Monday, September 1, 2008

Movies: Ascenseur pour l'échafaud (Elevator to the Gallows)

Here is one of the stranger, more elaborate noir plots I've encountered: Moreau is Florence Carala, and her lover, Julien Tavernier (Maurice Ronet) gets stuck in an elevator just after killing her husband. He spends the night trapped; in the meantime, a young couple steals his convertible for a joyride, uses his name when they check into a motel, and then kill another couple when they're caught trying to steal their Mercedes. They skip out in the middle of the night, and the police begin searching for the killer: Julien Tavernier. Once they find him, he's hesitant to confess his alibi, since it will link him to Carala's murder. Thanks, however, to the developed photos from the miniature camera in Tavernier's glove box (both of him with Ms. Carala and of the actual killers drinking champagne with the victims), all the murders are solved.

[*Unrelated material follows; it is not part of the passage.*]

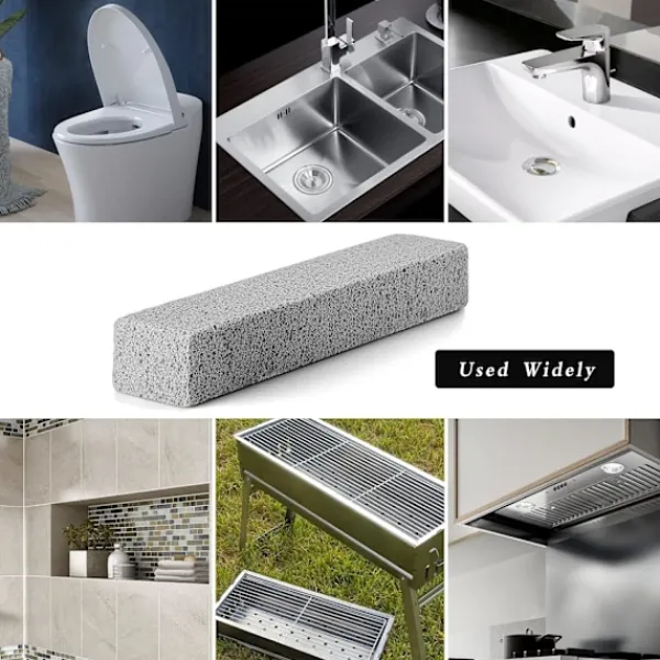 Användningsområde: Pimpsten används i toaletter för att rengöra kalkavlagringar, kalksten och hårda vattenringar på toaletter, handfat, badrumskakel och andra keramiska ytor. Den kan också användas för att ta bort rost och fett från grillar och ugnar.

And yet it is more a tone poem for film than a thriller. Director Malle seems to completely rely on the moody Miles Davis score to color the smoky closeups of Jeanne Moreau's face with relevant emotion, to a degree that the movie seems more an illustration of the music than the music an accompaniment to the film. The score outperforms the picture to such a degree that when the music fades away to give room for Moreau's voice (which is saddled with a clumsy, overwrought voice over), our attention flags. And though Moreau became the star, Yori Bertin, who plays the young Véronique is far more interesting, mercurial, promising, even if it's sacrilege to say so.